Sounds good, so to summarise:

  1. Update Documentation to explain the above.
  2. Add a warning on build which indicates when build platform and host platform are different with a link to the new documentation.
pgrzesik commented 2 years ago

Hey @jcampbell05 - sorry for not responding sooner, I was off this past week. That summary sounds good to me, what do you think @mnapoli ?

mnapoli commented 2 years ago

Yes that's good to me.

jcampbell05 commented 1 year ago

So following up on this I've found that the way BuildX can be configured to build multi-architecture containers can prevent images automatically being available for Serverless to be able to tag and push them.

When using the standard docker builder this automatically happens which is what serverless currently relies on. But if using Build X's docker container, kubenetes or any other build plugin it does not do this unless you pass the --load parameter. (https://docs.docker.com/build/building/drivers/docker-container/#loading-to-local-image-store)

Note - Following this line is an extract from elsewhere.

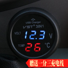 汽车用品车载充电器 带测电压检测usb温度显示器多功能监测表包邮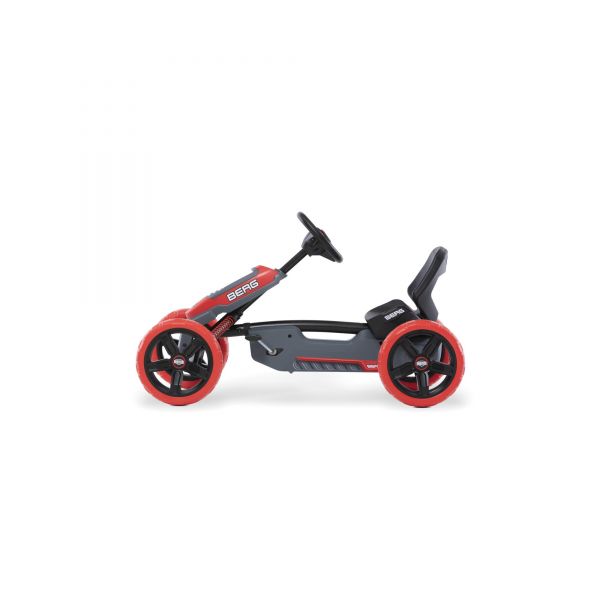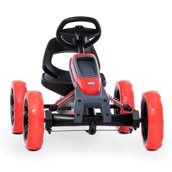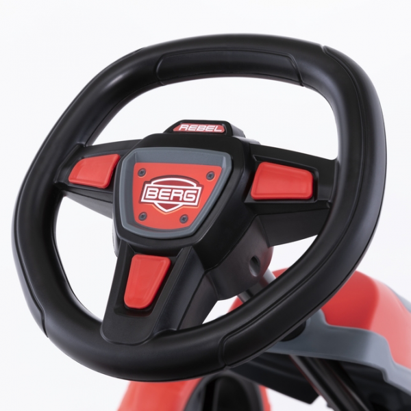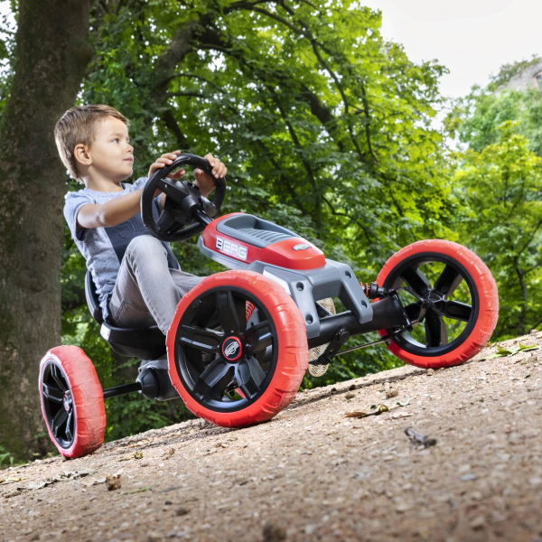 Design-ul atractiv al kartului Reppy Rider va face ca orice copil sa doreasca sa-si strabata vecinatatile cu el. Volanul sportiv, cauciucurile din EVA de 25 cm ce nu se pot dezumfla, sezutul comfortabil in forma de galeata, precum si axul solid, fac kartingul o distractie de exceptie. BERG Reppy este primul kart pentru copii cu o intrare joasa, datorita sezutului jos in forma de galeata.

I had to alias the "docker" command to a custom script which injects this flag since serverless fails to use this flag and there currently is no way to pass your own command line flags for the build command

This script is below

#!/bin/sh
#
# Note:
#
# A Docker shim to workaround fact Serverless doensn't specify "--load" flag to automatically load images into image list when build using 
# another Build X builder plugin other than the default docker builder nor provide anyway for us to provide our own flags. 
#
# See more here https://github.com/serverless/serverless/issues/10982
#
# This shim simply calls the original docker with the flags serverless originally provided alongside our additional flags to fix the building
# issue and any other Github Action optimizations.
#
if [ $1 = "build" ]
then
    /usr/bin/docker $@ --load
else
    /usr/bin/docker $@
fi
rajp33 commented 1 year ago

Hey @jcampbell05 Can you show me how you used that script as an alias in github actions? I have been trying for a while and it doesn't seem like the alias for docker is being carried over to the serverless process.

Edit:

Nevermind figured it out! Ended up copying the shim to a place in PATH before /usr/bin:

copy docker_shim.sh ~/.local/bin/docker

jcampbell05 commented 1 year ago

@rajp33 I used the Github Actions script to add the docker script to the PATH environment variable so that all docker commands invoke it.